Она закрыла лицо руками и стала заваливаться набок, содрогаясь от истерики. Съемочная группа оторопело смотрела на Ульяну, не решаясь вмешаться.

– Стоп камера! – скомандовала Шацкая.

Ульяна хохотала, размазывала по нарисованным щекам слезы под вопли гримерш, а потом с воем унеслась в туалет, где провела почти сорок минут, прозаично сидя на унитазе. Отрывая кусочки туалетной бумаги, она вытирала ими щеки. От грима бумага становилась серо-бежевой, и было даже страшно думать, во что превратилось лицо.

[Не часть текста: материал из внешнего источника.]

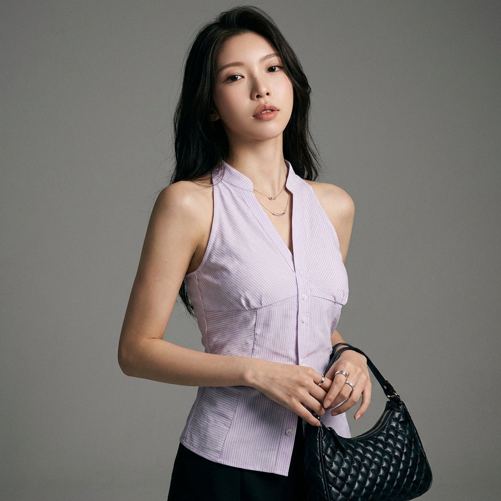 Affirmez votre style avec ce top court rayé, doté d'un col chemise et d'un dos nu audacieux. Sa coupe ajustée et ses rayures classiques en font une pièce tendance et polyvalente pour sublimer votre silhouette ! ✨
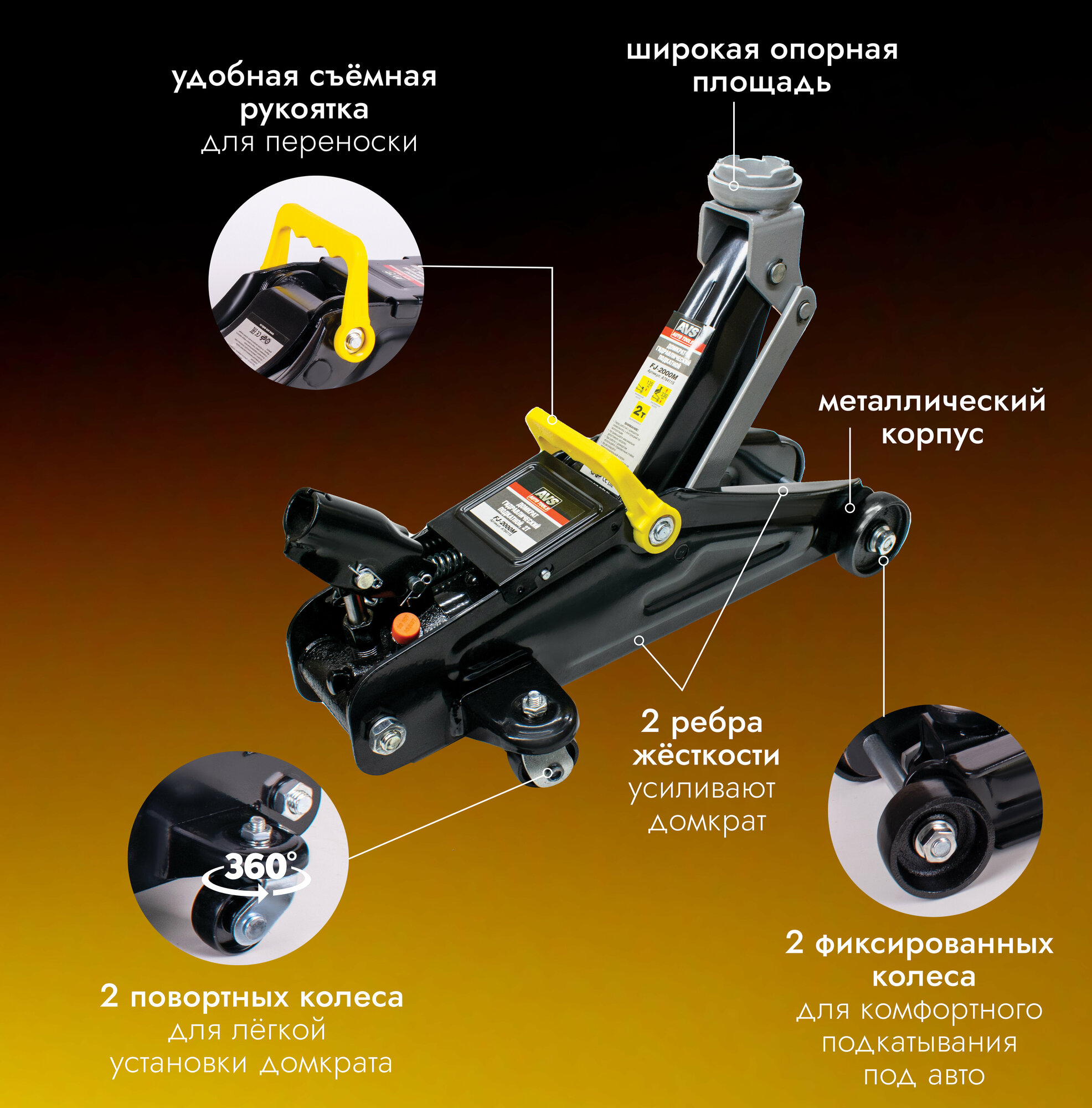 Домкрат автомобильный (подкатной) гидравлический AVS FJ-2000AL (поворотная ручка 360 градусов), 2 тонны, A07814S

"Ну и пусть!", – мрачно думала Ульяна.

Она просидела бы там еще дольше, но от неудобной позы и жесткого керамического трона заболело все, что могло, и даже в коленях отзывалась неприятная ломота. В туалет несколько раз робко заходили ассистенты и помрежи, завывали на разные голоса, умоляя выйти, и она, наконец, сжалилась, вышла, с ужасом посмотрев на руины макияжа.

Пока гримерши старательно реставрировали лицо, суровая Шацкая терпеливо ждала на своем стульчике и курила, хотя никому здесь курить не разрешалось, и пожарники гоняли проштрафившихся со спортивной злостью. Шацкой на пожарников было плевать, хотя страшнее их в телецентре никого не было, разве что вышестоящие начальники, но их режиссер тоже не боялась.

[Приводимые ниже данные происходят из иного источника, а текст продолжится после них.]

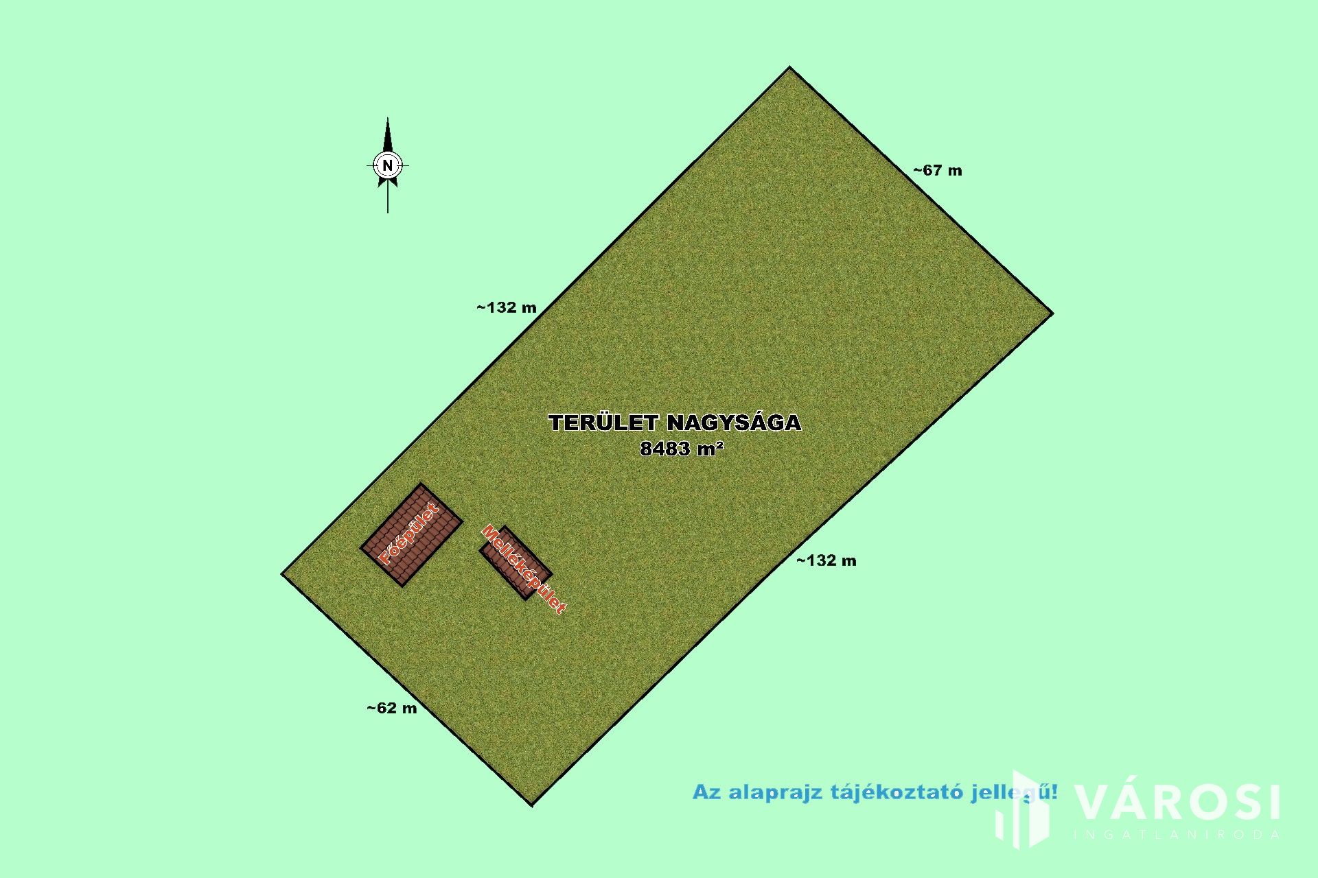 A két helyrajzi számon szereplő ingatlan – egy 2877 m²-es kivett tanya és egy 5606 m²-es szántó – egyben eladó.

"Хорошо ей, – подумала Ульяна. – У нее талант и характер. А я – бездарная мокрая курица, которую надо гнать поганой метлой!" И от осознания этого губы снова затряслись. Неловко пристраиваясь на свой стул, она почувствовала, что сейчас снова разрыдается от жалости к самой себе. Ирина Борисовна посмотрела на нее с неудовольствием, раздраженно поправила очки на длинном носу и чуть заметно вздохнула.

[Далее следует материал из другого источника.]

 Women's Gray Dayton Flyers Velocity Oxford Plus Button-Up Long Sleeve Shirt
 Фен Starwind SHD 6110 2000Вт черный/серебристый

– Ладно, деточка, – с неожиданной лаской в голосе сказала она, когда Ульяна вновь устроилась на своем стульчике, – давай заканчивать. Немного уже осталось.

– Хорошо, – угрюмо ответила Ульяна, чувствуя, как горят щеки, а сама она как пить дать наливается чахотошным румянцем. Ей было стыдно за истерику, за "неудержанное" лицо, и слезы, которые видела вся съемочная группа, а значит, имидж независимой сильной женщины разрушен раз и навсегда. Завтра поползут слухи, и с репутацией будет покончено…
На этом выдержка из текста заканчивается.